The Sounders are used to being the spectacle. But when Seattle take on Atlanta United at Mercedes-Benz Stadium on Sunday (2 pm ET | FOX - Full TV & Streaming Info), they’ll be rolling into the only venue in MLS that draws bigger crowds than they do, to take on an opponent on a mission to supplant them as the league’s gold standard in terms of what an new team can achieve at the outset of its existence.
That might make for somewhat unfamiliar territory, but speaking with reporters this week, Sounders head coach Brian Schmetzer said he hopes the magnitude of the stage ends up being a net positive.

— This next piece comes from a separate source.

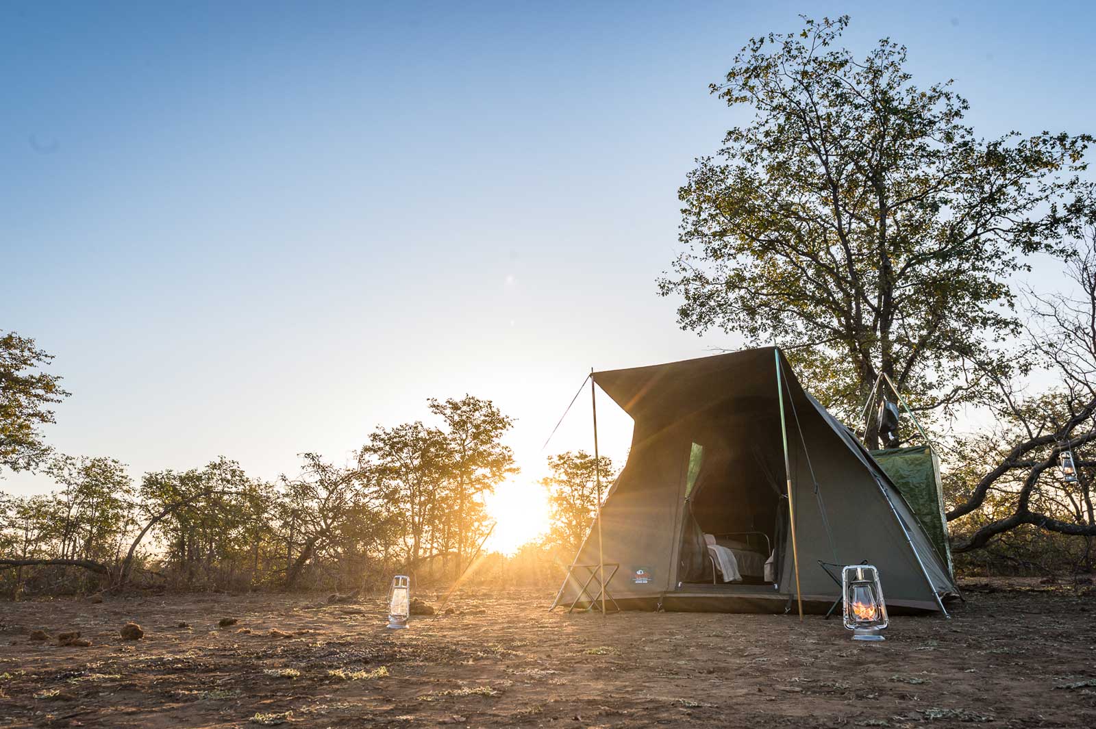 The canvas exterior of the tent is lined with fly screen mesh, which allows the canvas flaps to be opened while keeping the insects out. Home comforts, such as bug spray and mosquito repellant, hand soap, and toilet paper are provided.

“I think our guys are used to big crowds and big atmospheres,” Schmetzer said on Thursday. “We’ve got a lot of big-time players who have played in big venues, pressure moments, stuff like that. I don’t think there’s anything negative about it. I’m hoping it actually has the opposite effect – that we go down there and go, ‘Hey, this is really cool, this is a big event. Let’s get after it.’ That’s what I’m hoping for.”
If the Sounders blazed the trail with their success out of the gate in their expansion season of 2009 – both in terms of fan support and the on-field product -- Atlanta are currently in the process of pushing that to the next level in their second MLS season. Home crowds at Mercedes-Benz Stadium are known to push 70,000 – a number the Sounders have yet to hit despite their own sterling attendance numbers.
The Five Stripes are pushing the envelope on the field too, with a high-priced, star-studded attacking juggernaut of a roster that currently has them leading the Supporters’ Shield standings. They may have taken parts of the blueprint from Seattle’s playbook, but Schmetzer said that’s just smart business, likening it to what the Sounders’ brass did when they visited other successful expansion franchises ahead of their ’09 MLS launch.
“If something worked, you’re going to go out there and try and find some information that might work in your particular market,” Schmetzer said. “So, kudos to them. They’ve done a great job. But you could say there were other teams in their era that were the trailblazers, the trendsetters. And we certainly think of ourselves as one of those teams.”
For Seattle, the stakes of Sunday’s match would be high enough even without all those external factors. The Sounders head into the weekend at 4-9-4 and 10 points below the playoff line for the postseason. They’re also currently last in MLS with just 15 goals in 17 matches.
With his paperwork coming through, newly signed Peruvian striker Raul Ruidiaz could be in line to make his team debut to offer some attacking reinforcements. But Sounders goalkeeper Stefan Frei said priority No. 1 will have to be finding some way to stop an Atlanta attack that has netted 42 times and posted a +19 goal differential – both league-best numbers.
“I think they’ve played some very aggressive football, very attacking minded and obviously went out and purchased some high quality players,” said Frei. “Very dangerous side, very quick, very pacy, very young and energetic group. So, a difficult side to play against, especially at their place. It’s going to be difficult.”